### Data records
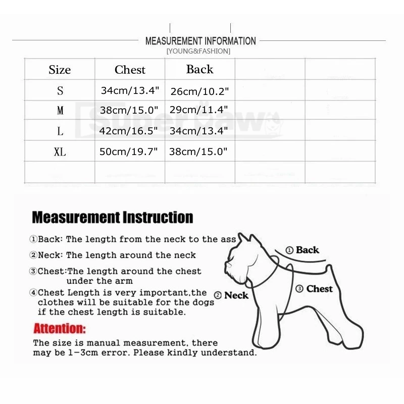 2. Для двух ног, пожалуйста, обратите внимание на обхват груди, и для четырех ног, должны соответствовать обхвату груди и длине спины.
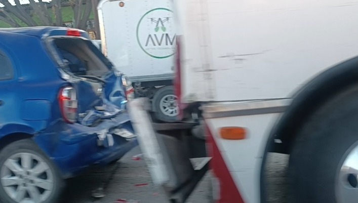 Un aparatoso choque dejó daños materiales en calles de la colonia San Jorge, provocado por el conductor de un camión urbano. El percance involucró un auto March de
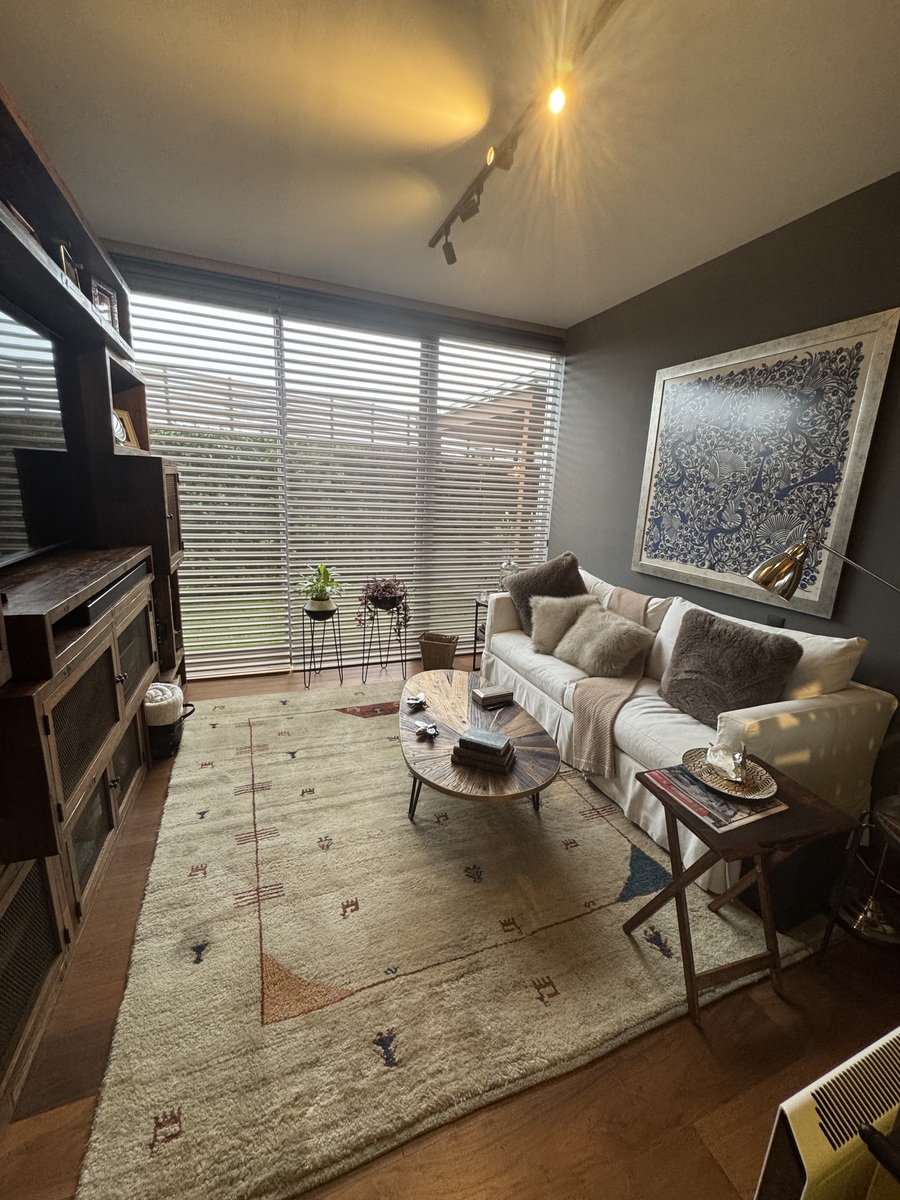 Todo el departamento da a una terraza con pérgola y asador muy bonitos. Y jardín.
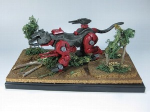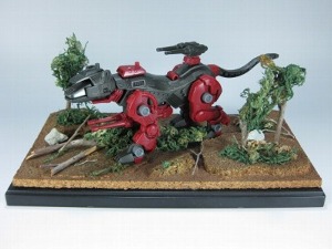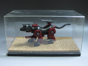 ←スプレー塗装の場合。スプレーの空気圧で水ゴケが飛んでいかないようにゾイドの箱か何かに入れてやるといいでしょう。 |
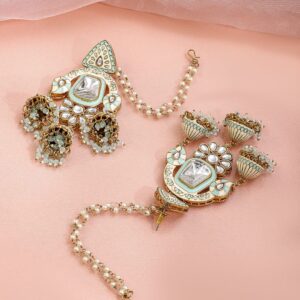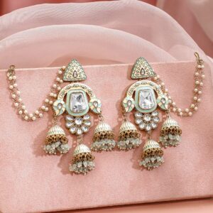 Jhumka Earrings : These 22K gold-plated chandbali earrings feature mint green enamel, white Kundan, and layered dome-shaped jhumkas hanging below. Adorned with pearl beadwork and an elegant ear chain – ideal for bridal celebrations. Occasion : Bring your style to a whole new level with this handcrafted piece of jewellery. When you’re celebrating a special Occasion : – a birthday, wedding, or personal milestone – this piece adds that extra something that makes us feel special and looking our best. Material & Care Dimension : Length: 9 cm ; Width : 4 cm Collection : Kundan with Enamel Material: Brass Net Weight: 76.03 Gram Net Quantity: 1 Pair of Earrings Care Label: It is advisable to avoid contact with water and organic chemicals i.e. perfume sprays. Store jewellery in airtight box. After use, wipe the jewellery with soft cotton cloth.
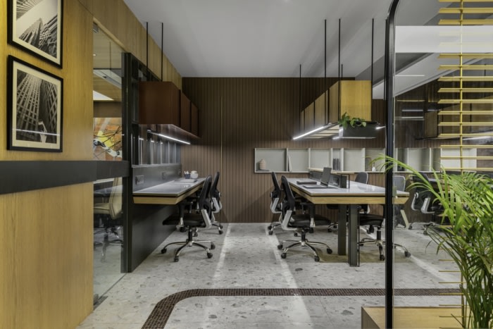 The partition between the cabins and the employee area is a pseudo-three-centered metallic arch with a glass panel hanging from above. It has a wooden storage cabinet on one side and a planter on the other. The planter is topped with a photosynthesis light for better growth of plants. A brass-coated metal element intensifies the aesthetics and brings a classy look. Loose furniture is placed in the middle encouraging a motivating workspace culture.
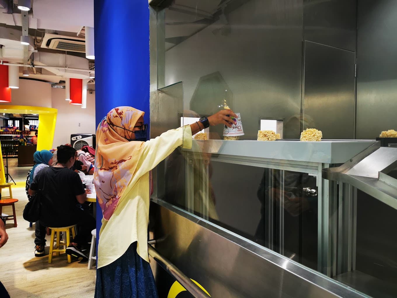 Unleash your inner creativity and doodle away on the noodle cups with the coloured markers provided. Once you’re satisfied with your masterpiece, place it on the conveyor belt and watch it get sent down the line to the condiments section.
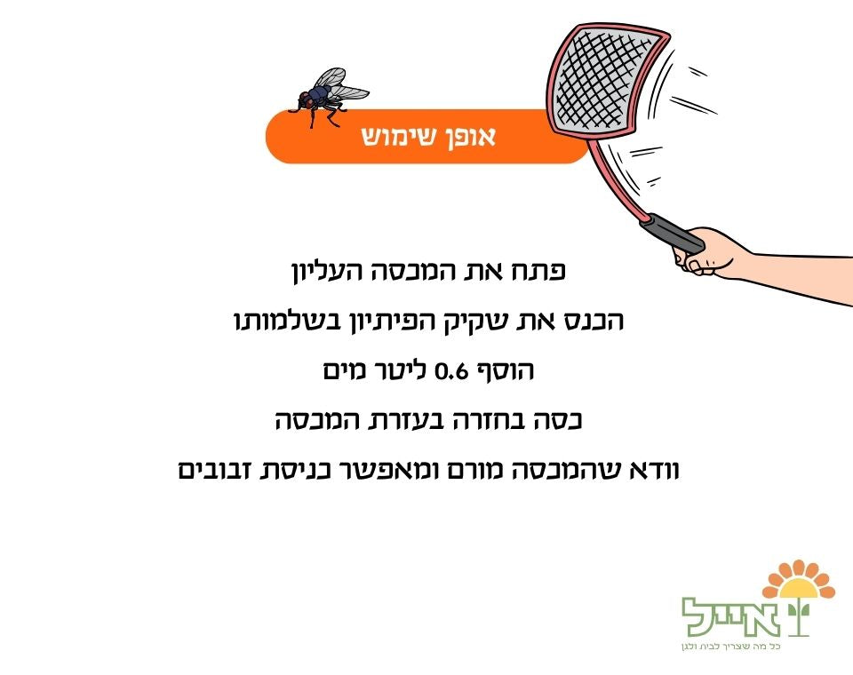 כיצד משתמשים במוצר? מכניסים את שקיק הפתיון בשלמותו, מוסיפים מים עד הסימון (600 סמ״ק), ותולים את המלכודת בשמש; יש להחליף פתיון כל 21 יום או כשהיא מתמלאת.
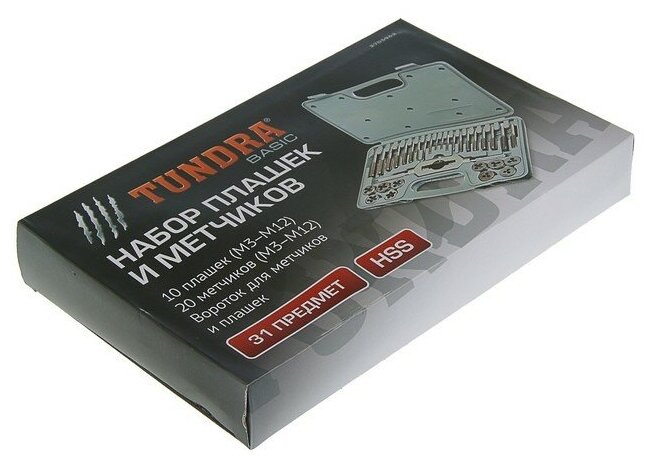 Description: Type: a set of taps and dies, thread type: metric M, material: HSS, thread direction: right, metric thread diameter: M10, M12, M3, M4, M5, M6, M8, thread pitch: 0.5, 0.7, 0.8, 1.0 , 1.25, 1.5, 1.75, number of items: 31 pcs.

### ACTIVITY
What is needed is the exact run of lines from the start of the data through the line with "Un aparatoso choque", both ends included, minus the pictures.

### ANSWER TO THIS TASK
 2. Для двух ног, пожалуйста, обратите внимание на обхват груди, и для четырех ног, должны соответствовать обхвату груди и длине спины.
 Un aparatoso choque dejó daños materiales en calles de la colonia San Jorge, provocado por el conductor de un camión urbano. El percance involucró un auto March de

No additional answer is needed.